Что ж тут такого, Гиперид? География тоже ведь не стоит на месте. Не только облака переползают по карте. Ты же сам знаешь, бывает всякое. Помнишь, куда-то уехал ваш сосед по арбатскому подвалу, вернее, это тебе сказали, что уехал, чтобы не бередить детский впечатлительный ум, и твои родители отвоевали его комнату. У него на стене висела большая карта необъятной родины. Ты любил смотреть на нее. И очень гордился тем, что она такая необъятная. И вот однажды тебе вдруг показалось, что один населенный пункт куда-то переполз. Потом другой. Пригляделся, а это клопы. Клоп районного масштаба. Клоп областного значения. Клоп – столица автономного края. Отодрали карту, а там своя страна. Один был величиной чуть ли не с копейку. Да и вообще, дались тебе, Гиперид, все эти – куда, когда, где! У нас ведь тут sine anno i loco[38], такие дела, брат. Год – не неделя, все будет, да не теперя. Где тесно, там-то солдату и место. Но мы отвлеклись. Смотри, она наклоняется и тянет руку к отскочившей в сторону, к тебе под ноги, кегле!
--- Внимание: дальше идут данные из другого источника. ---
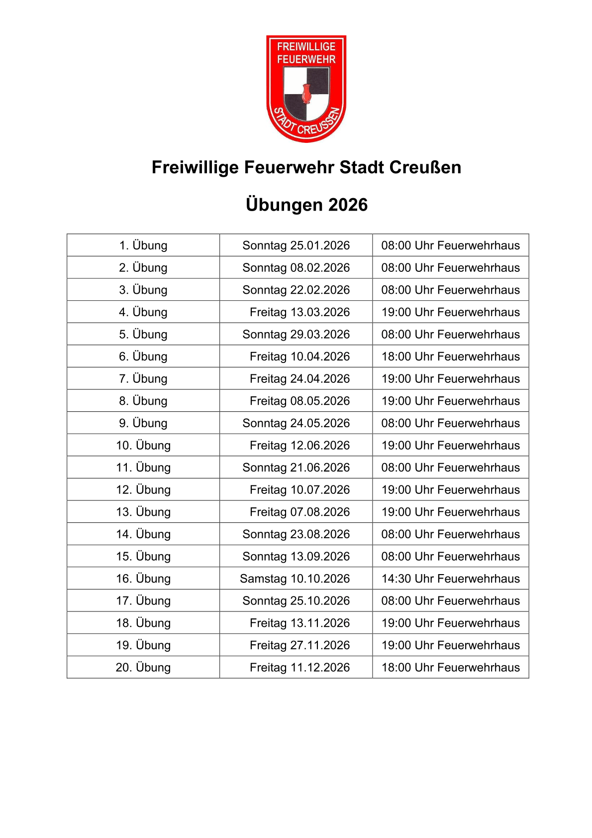 Übungstermine 2026

Обождите, афиняне! Ведь для того, чтобы добраться до этой кегли-неваляшки, нужно еще сначала объяснить что-то очень важное.

Что такое может быть важным, дурачок? Прямо такое важное, без чего жизнь невозможна?

Да. И потом, сперва еще был кашель чайки. Вы что, забыли?

Разумеется, накануне вы ходили в театр. Гастролировал Художественный, давали «Чайку». По городу шла простуда, и в зале то здесь, то там без конца кашляли, чихали, сморкались. И Тригорин с самого первого действия чихал и сморкался, а к финалу и Дорн зачихал. Он стоял у самой рампы, и рядом с его лицом бил прожектор. Когда чихнул, то брызги изо рта вспыхнули, как сноп искр. И когда в походной аптечке что-то лопнуло и Дорн, перелистывая журнал, сказал Тригорину, что это Константин Гаврилович застрелился, он опять чихнул, и даже когда занавес опустился, со сцены еще доносились приглушенные бархатом чихание и кашель.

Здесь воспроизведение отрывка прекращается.